Most indigenous Mexicans do not speak their own language and speak only Spanish.6 Of those who do speak a native language, they are usually bilingual in Spanish as well (often just fluent enough to do business). However, some may refuse to speak Spanish in order to maintain their indigenous roots. Many have retained local forms of organization and customary law to defend their culture and livelihoods. Constitutional recognition protects their right to have this cultural autonomy. However, some have witnessed the collapse of their traditions under the burden of poverty. 

The indigenous peoples of Mexico continue be substantially disadvantaged. According to official figures on multidimensional data from the National Council for Evaluation of Social Development Policy, 72.3% of Mexico’s indigenous population lives in poverty.6 Many live in small peasant communities in rural areas. Others have had to integrate into society in order to improve their living conditions.7 Today, many make a wage by selling crafts and performing traditional dances in costume for tourists.

National and Cultural Pride

Mexicans are very proud of their country. However, this generally relates to the culture and people rather than the nation state or its institutions. The population has become very sceptical of the government, systems and authority figures due to pervasive corruption at all levels of society. Therefore, national pride is generally directed towards Mexico in the cultural sense. Many Mexicans feel their country has great cultural depth and wealth in comparison to others. There is a saying “como México no hay dos” (There is none other like Mexico), which reflects how people believe Mexico has a particular uniqueness.
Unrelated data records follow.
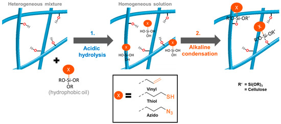 Conventional silane modification is conducted as schematically shown in Figure 1, left. First, the alkoxysilane is pre-hydrolyzed in an acetone/water (or alcohol/water) mixture. Meanwhile, the cellulose is solvent-exchanged to the same solvent and the hydrolyzed silanol species is added, allowing it to adsorb onto the cellulose surface. In the final step, the sample is cured to remove water and to condense the silanol with the substrate’s surface hydroxyl groups, and this way it establishes covalent linkages. This is usually the critical step, since the curing causes hornification and induces also crosslinking reactions by the trivalent silanol.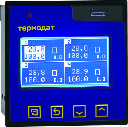 Приборы серии Термодат-16 имеют графический жидкокристаллический дисплей. На дисплее отображается график температуры, измеренное значение температуры и уставку. Прибор оснащен USB-разъемом для снятия архивных данных на Flash-носитель.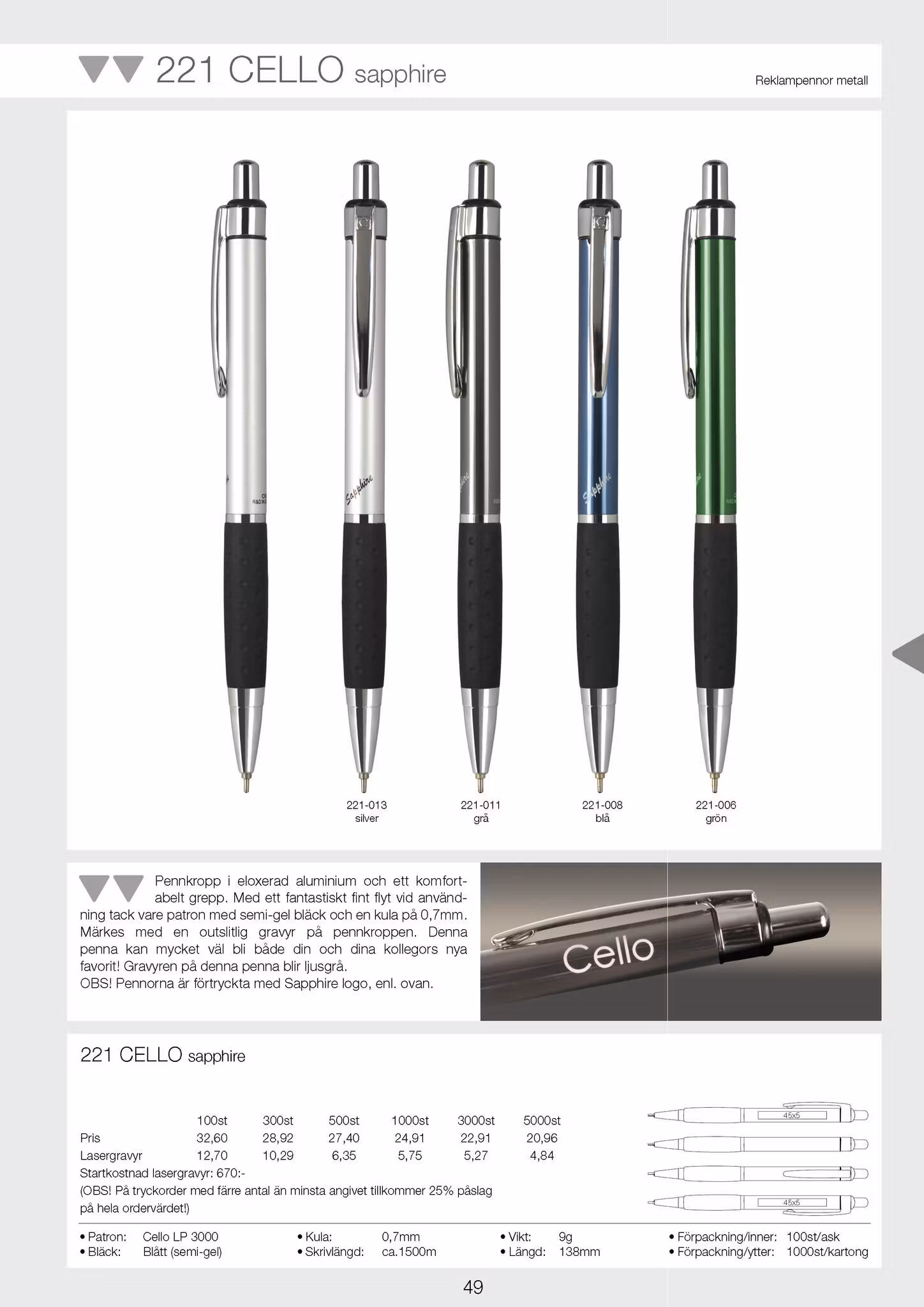 Märkes med en outslitlig gravyr på pennkroppen. Denna penna kan mycket väl bli både din och dina kollegors nya favorit! Gravyren på denna penna blir ljusgrå.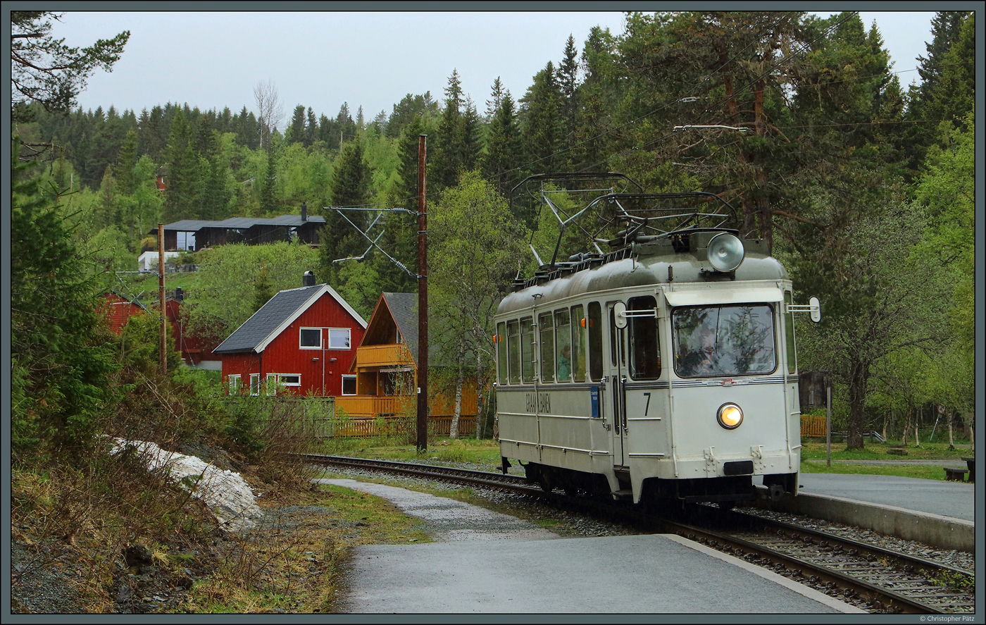 Der Tw 7 wurde 1942 an die Trondheimer Straßenbahn geliefert und wird heute für Sonderfahrten eingesetzt. Am 25.05.2023 rollt er durch die Haltestelle Herlofsonløypa Richtung Stadtzentrum.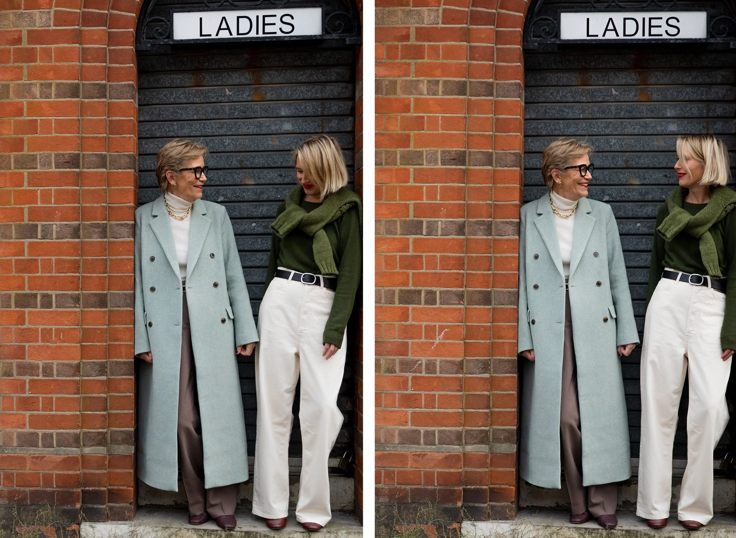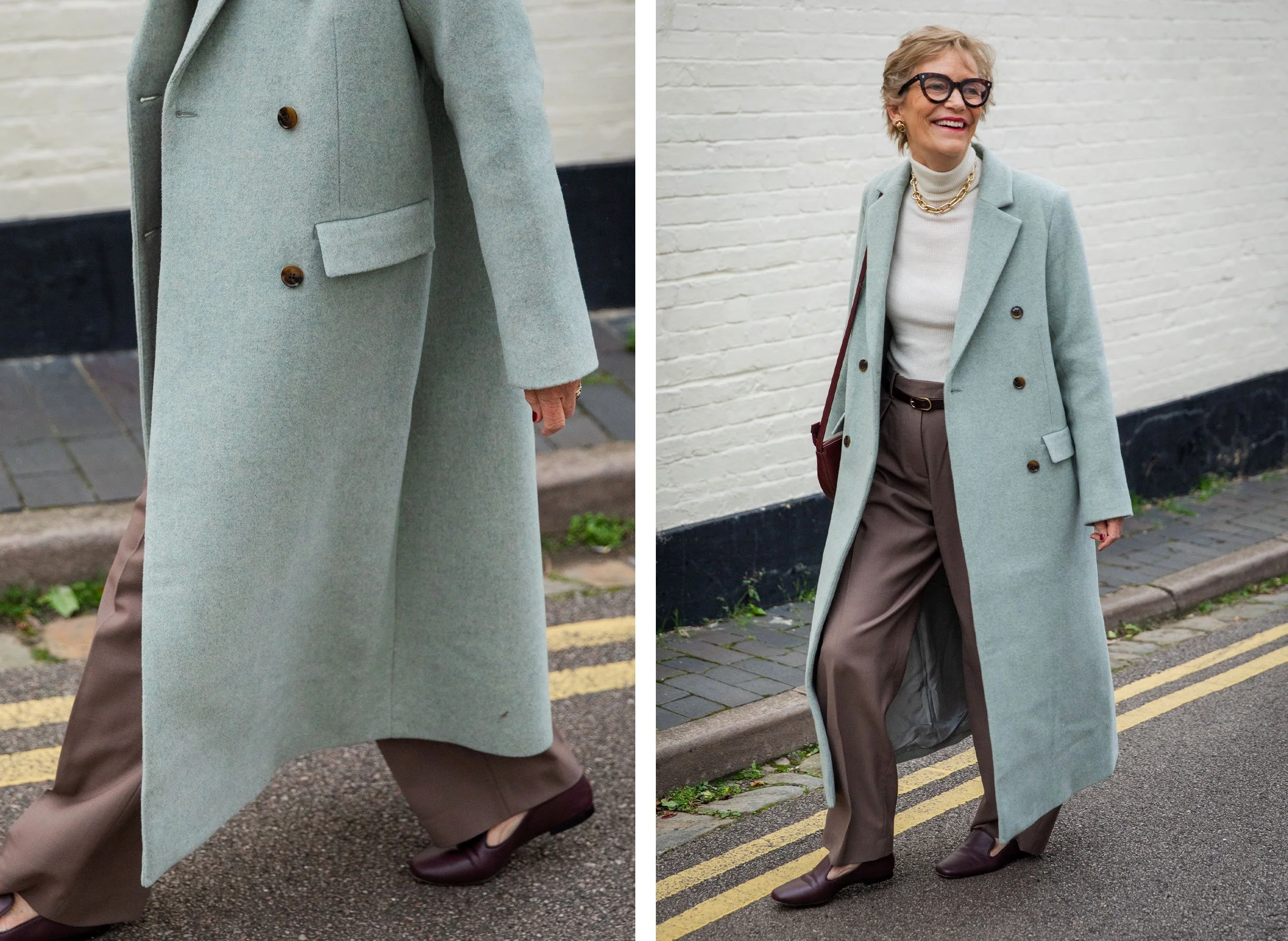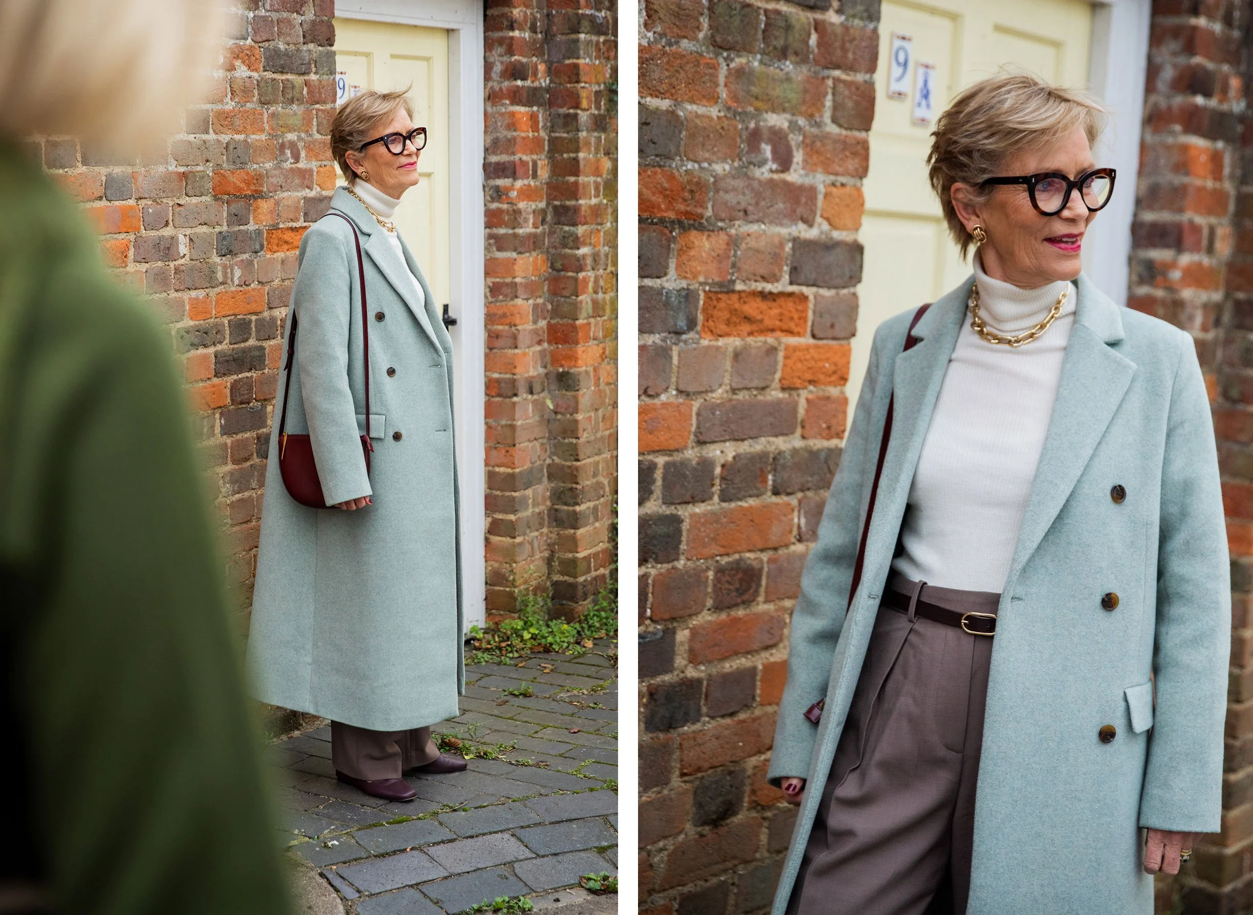Mum’s sage/pistachio coloured coat is wonderful. Much like a room painted in sage, the colour is such a fantastic backdrop to highlight other hues. I love the combination with the soft brown trousers. It’s unusual but it works.

Much foreign knowledge of the cultural traditions in Mexico gravitates around ideas drawn from popular culture (e.g. tequila, tacos, tortillas, mariachis). The real Mexican love for these famous aspects of their culture should not be underestimated. Furthermore, one finds that almost all Mexicans have an incredible knowledge of their country’s history. People are very proud of the Mesoamerican legacies (such as the Aztecs and Mayans) and are often very educated on the events in history that shaped the identity of their society. It is common for the average person to able to list off many ancient stories and cultural achievements. Mexicans take particular delight when their culture receives global recognition or foreign appreciation. For example, UNESCO has listed traditional Mexican cuisine as a global cultural treasure, listed as a part of the “Intangible Cultural Heritage of Humanity”.9


Mexicans have generally been very careful to preserve their cultural character amidst rapid globalisation. The country’s close proximity to the US has seen people adopt many Western cultural influences. However, most foreign customs are generally assumed with an extra Mexican flair added on. For example, if one orders pizza at an Italian restaurant, they are still likely to receive chillies on the side. A person may be regarded a ‘malinchista’ if they have a tendency to revere or prefer foreign things. The term has negative connotations of disloyalty or treachery, as its origins trace back to an indigenous woman submitting to Spanish conquerors. 

Safety, Fatalism and Prediction of Events

The global media’s portrayal of Mexico often concentrates on the country’s struggle against corruption and the violence of drug cartels. It is true that safety and security is a common concern for most people. Hard social conditions and government policies have influenced a rise in violence and crime (la delincuencia) in the present era, both anarchic and organised. Therefore, many people have to restrict their movements to avoid crimes of opportunity. It is common for friends and family members to stay in close contact with one another. For example, independent adults may have a continuous group chat with their family members or a location notification system on their phone so that each person generally knows one’s activities, whereabouts and when they have arrived home safely. 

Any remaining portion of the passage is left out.